There is (was?) some KVM PV features that accessed guest memory via the
host direct map as well. I would think mprotect() should protect this
at the get_user_pages() stage, but it looks like the details have
changed since I last understood it.


Re: [RFC PATCH v1 0/9] Hypervisor-Enforced Kernel Integrity

2023-05-25 Thread Edgecombe, Rick P
On Thu, 2023-05-25 at 09:07 -0700, Sean Christopherson wrote:
> On Thu, May 25, 2023, Rick P Edgecombe wrote:
> > I wonder if it might be a good idea to POC the guest side before
> > settling on the KVM interface.

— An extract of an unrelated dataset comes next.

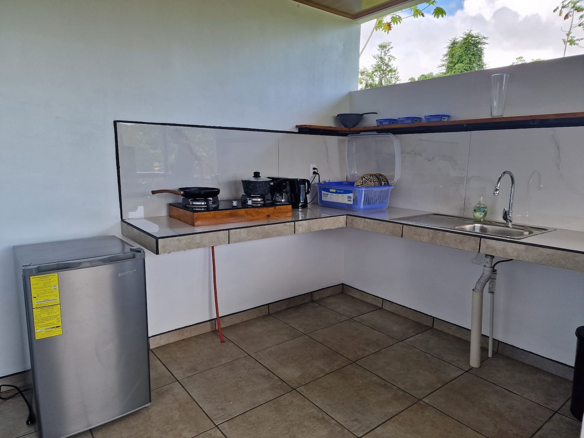 Matatagpuan ang aming mga komportableng cabin sa gitna ng maaliwalas na tanawin ng Costa Rica na napapalibutan ng mga makulay na berdeng dahon at matataas na puno. Ang mga bagong cabin ay may mga kusina sa labas at malalaking bintana na nag - iimbita sa kagandahan ng labas Ang mga bakuran ay isang liblib na paraiso ng mayamang biodiversity na may mga makukulay na halaman at namumulaklak na bulaklak at lokal na wildlife pa 15 minutong maaliwalas na lakad kami mula sa beach at mga tindahan at bar o 3 minutong biyahe sa kotse. Nagsasalita ang host ng English, French, at basic Spanish

Then you can also look at the whole
> > thing and judge how much usage it would get for the different
> > options
> > of restrictions.
> 
> As I said earlier[*], IMO the control plane logic needs to live in
> host userspace.
> I think any attempt to have KVM providen anything but the low level
> plumbing will
> suffer the same fate as CR4 pinning and XO memory.  Iterating on an
> imperfect
> solution to incremently improve security is far, far easier to do in
> userspace,
> and far more likely to get merged.
> 
> [*] https://lore.kernel.org/all/zfuyhpuhtmbyd...@google.com

Sure, I should have put it more generally. I just meant people are not
going to want to maintain host-based features that guests can't
effectively use.

My takeaway from the CR pinning was that the guest kernel integration
was surprisingly tricky due to the one-way nature of the interface. XO
was more flexible than CR pinning in that respect, because the guest
could turn it off (and indeed, in the XO kernel text patches it had to
do this a lot).



Re: [RFC PATCH v1 0/9] Hypervisor-Enforced Kernel Integrity

2023-05-25 Thread Edgecombe, Rick P
On Thu, 2023-05-25 at 15:59 +0200, Mickaël Salaün wrote:
[ snip ]

> > The kernel often creates writable aliases in order to write to
> > protected data (kernel text, etc). Some of this is done right as
> > text
> > is being first written out (alternatives for example), and some
> > happens
> > way later (jump labels, etc). So for verification, I wonder what
> > stage
> > you would be verifying? If you want to verify the end state, you
> > would
> > have to maintain knowledge in the verifier of all the touch-ups the
> > kernel does. I think it would get very tricky.
> 
> For now, in the static kernel case, all rodata and text GPA is 
> restricted, so aliasing such memory in a writable way before or after
> the KVM enforcement would still restrict write access to this memory,
> which could be an issue but not a security one. Do you have such 
> examples in mind?
> 

On x86, look at all the callers of the text_poke() family. In
arch/x86/include/asm/text-patching.h.

> 
> > 
> > It also seems it will be a decent ask for the guest kernel to keep
> > track of GPA permissions as well as normal virtual memory
> > pemirssions,
> > if this thing is not widely used.
> 
> This would indeed be required to properly handle the dynamic cases.
> 
> 
> > 
> > So I wondering if you could go in two directions with this:
> > 1. Make this a feature only for super locked down kernels (no
> > modules,
> > etc). Forbid any configurations that might modify text. But eBPF is
> > used for seccomp, so you might be turning off some security
> > protections
> > to get this.
> 
> Good idea. For "super locked down kernels" :) , we should disable all
> kernel executable changes with the related kernel build configuration
> (e.g. eBPF JIT, kernel module, kprobes…) to make sure there is no
> such 
> legitimate access. This looks like an acceptable initial feature.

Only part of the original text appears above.